To find the name of a column, get the data from this data stream once without any metadata. See the tip above for how to do that. You'll see the column name when you hover over the column in the Table.
displayName
Optional
Here you can give the column a user-friendly name
shape
Recommended
The shape you assign to a column tells SquaredUp what the column contains (for example, a number, a date, a currency, a URL, etc.). Based on the shape SquaredUp decides how to display this column, for example to display a URL as a clickable link.
Note: Please refer to the list of shapes below this table to see available shapes.
role
Recommended
The role you assign to a column tells SquaredUp the purpose of the column. For example, if you have two different columns that contain numbers, you need to assign the role value to the column that contains the actual value you want to use in your visualization.
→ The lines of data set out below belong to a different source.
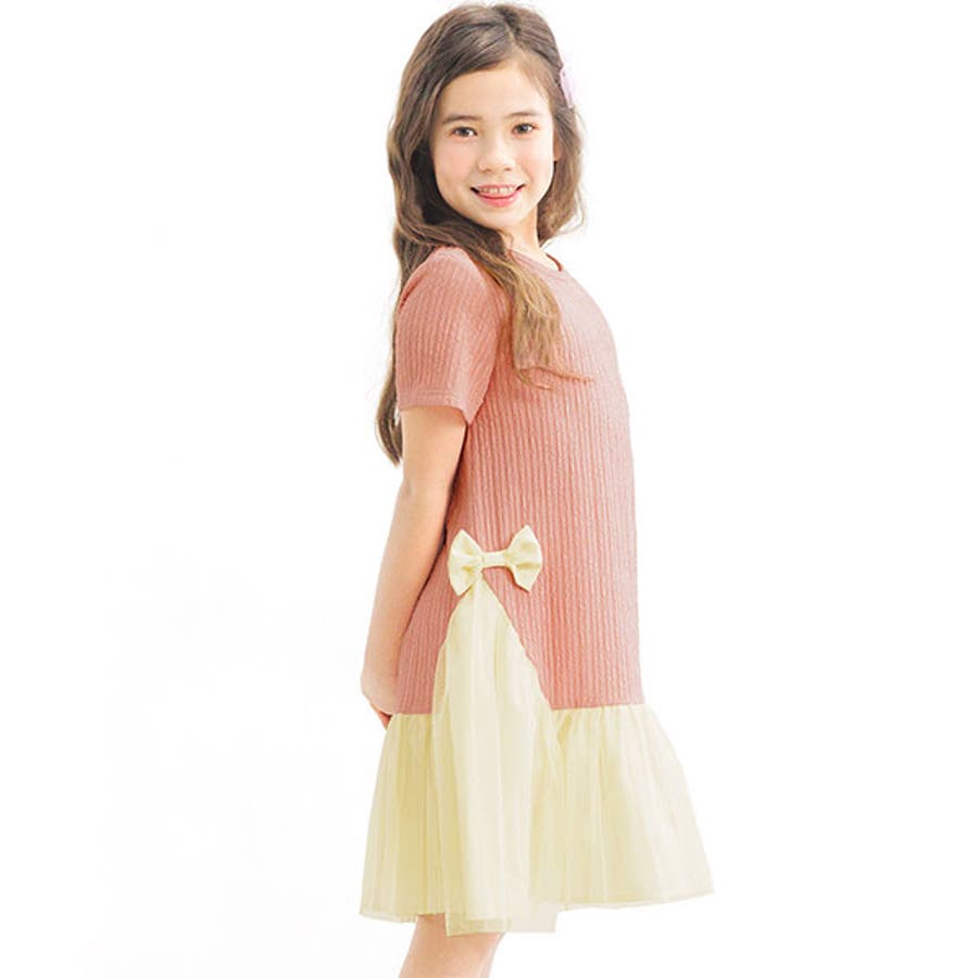 異素材切り替えワンピース 子供服 キッズ 女の子 春 夏 韓国子供服
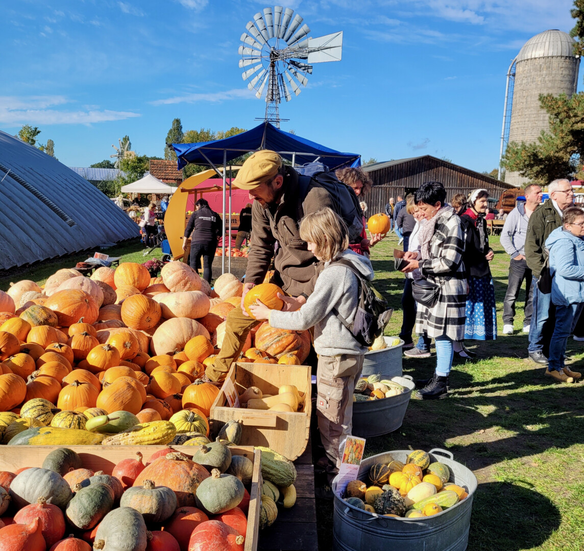 Wer selbst keine Kürbisse anbaut, wird bei der vielfältigen Auswahl am Marktstand fündig und kann für das Kochvergnügen zuhause oder herbstliche Dekorationen seine Auswahl zum Mitnehmen treffen. Kreativ wird es auch in der Kürbis-Werkstatt: Lampions schnitzen, Figuren kreieren und bunte Basteleien stehen hier ganztägig auf dem Programm. Neben den Vorführungen historischer Landmaschinen der Ausstellung wird an diesem Tag auch eine mobile Apfelmosterei präsentieren, wie Äpfel verlesen, gewaschen, gequetscht und gefiltert werden, damit köstlicher Most entstehen kann. Ab 50kg mitgebrachten Äpfeln kann am Ende des Tages sogar eigener Apfelmost mit nach Hause genommen werden.
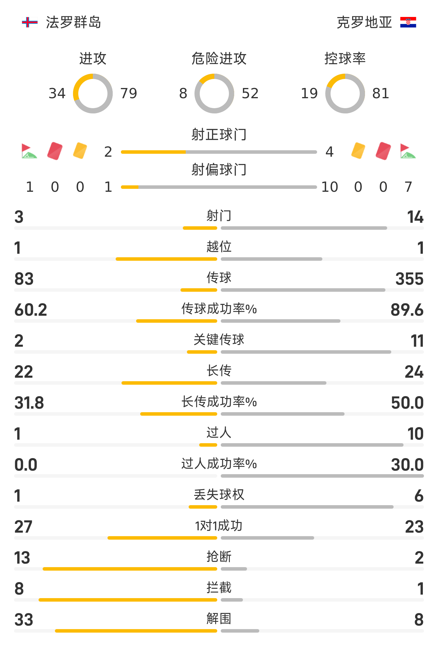 31’布迪米尔摆渡,克拉马里奇接力顶进,法罗群岛0-1克罗地亚

Note: Please refer to the list of roles below this table to see available roles.
visible
Optional
true or false
Use this if you need a columns content but don't need to display the column itself.
Example: Column A contains the full link to a ticket in your ticket system. Column B contains the ticket ID. You want to use the ticket ID as a label for the link, turning the long URL into a much nicer to read "Ticket 123". This is why you need the content of column B, to assign it as a label for column A. But since the URL is now displayed as the ticket ID, it would be redundant to still display column B. This is why you hide column B with false.
There are many different shapes you can use for your columns and the list of possible shapes gets expanded constantly:
Basic types, like: boolean, date, number, string
Currency types that get displayed with two decimal values and their currency symbol (for example $23,45), like: currency (generic currency), eur, gbp, usd
Data types, like: bytes, kilobytes, megabytes
Time types, like: seconds, milliseconds, timespan
The status type : state
Utility types, like: customUniturl (will be displayed as a link)
Tip:
Some shapes can be configured.
If a shape is configurable, you can edit how the shape displays data in SquaredUp.